オッペンハイマーと人文学の危機
「原爆の父」、オッペンハイマー。原子爆弾などというものを彼が作ってしまったのは、科学のことしか知らなかったからだ、などと思ったら大間違いである。ロスアラモスで世界初の原爆実験が行われた際、巨大なキノコ雲を前に彼の胸に去来したのは、なんと『バガヴァッド・ギーター』の一節だったという。若い頃は自作の詩も発表していたオッペンハイマーは、いわゆる文系の人間以上に人文学への造詣が深かったのだ。我々はこの事実をもっと真剣に受け止めなければならない。人文学は原爆製造を止められなかったという事実を。
もちろん、このような図式化は現実をあまりに単純化しすぎている。しかしながらオッペンハイマーの存在は、別の意味でも人文学の立場を危うくするものである。というのは、彼の存在は良くも悪くも非常にドラマチックだからだ。たとえば坂本龍一の「オッペンハイマーのアリア」は、上述の原爆実験を回想する彼の映像が流れる中で演奏される。その模様は、すこぶる神秘的ですらある。音楽も広い意味では人文学に含まれるとすれば、人文学は原爆製造を止められなかったばかりか、「原爆の父」に対して過剰な装飾を施してしまっているのではないか。
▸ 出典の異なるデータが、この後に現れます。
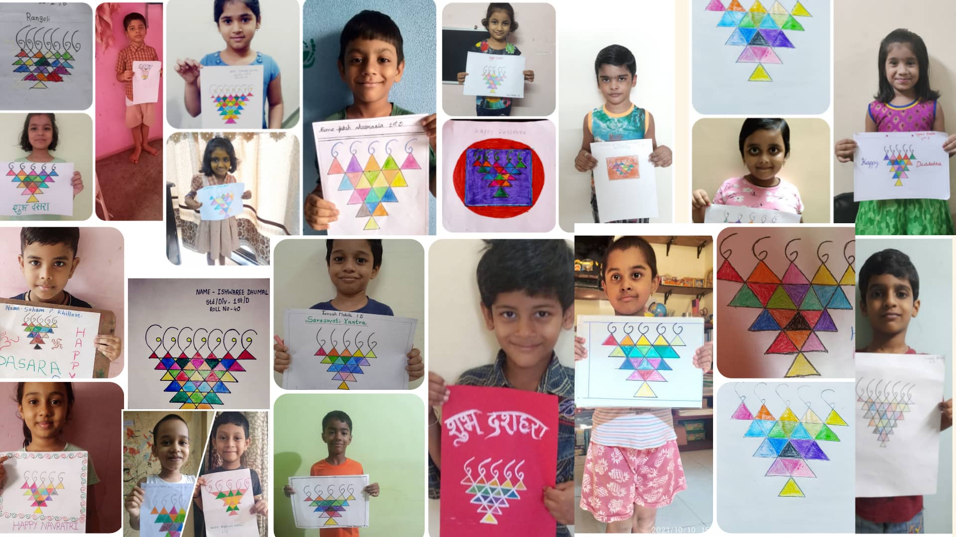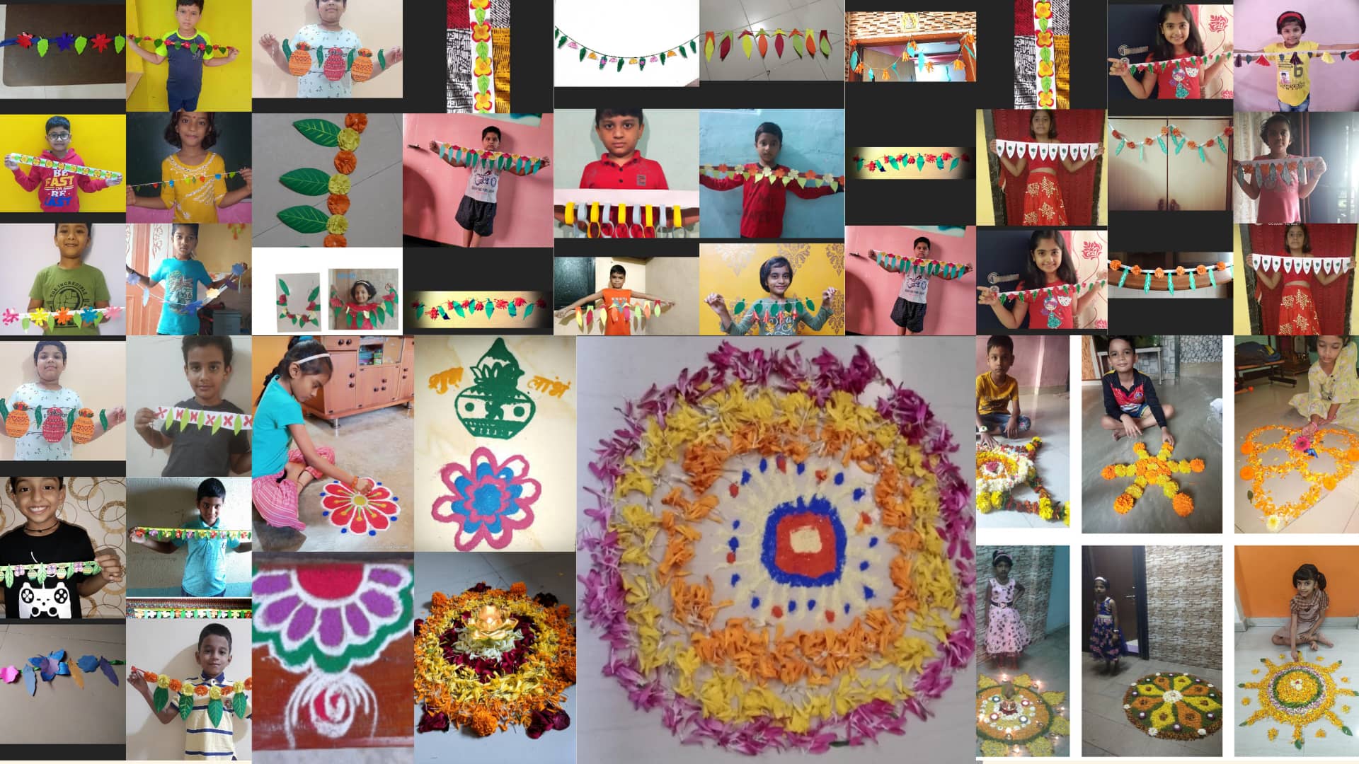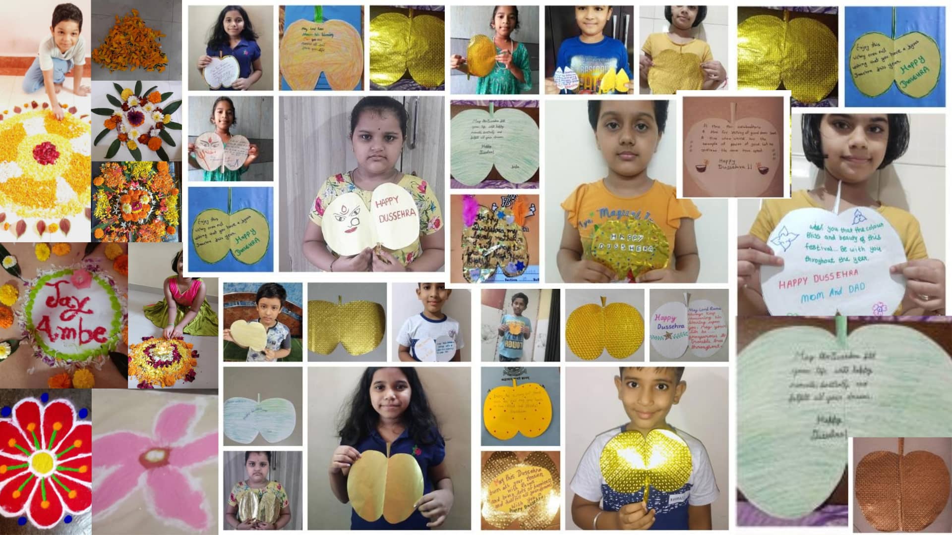 Various class activities like writing their wishes on the ‘Soneri Paan’ to making paper flutes were carried out. Some children decorated their floor with colorful rangoli, while some made the ‘Pookalam’ (ie. flower rangoli). Torans were made to decorate their doors.

いずれにせよ、現実は単純ではない。現実を正しく理解するには、対象についての正確な知識が必要だ。もし手っ取り早く知識を得たければ、『90分でわかるオッペンハイマー』(青山出版社)が読みやすいだろう。だが哲学者や思想家を扱うこのシリーズに「原爆の父」が入っていること自体が、ある種の危機を示しているのかもしれない。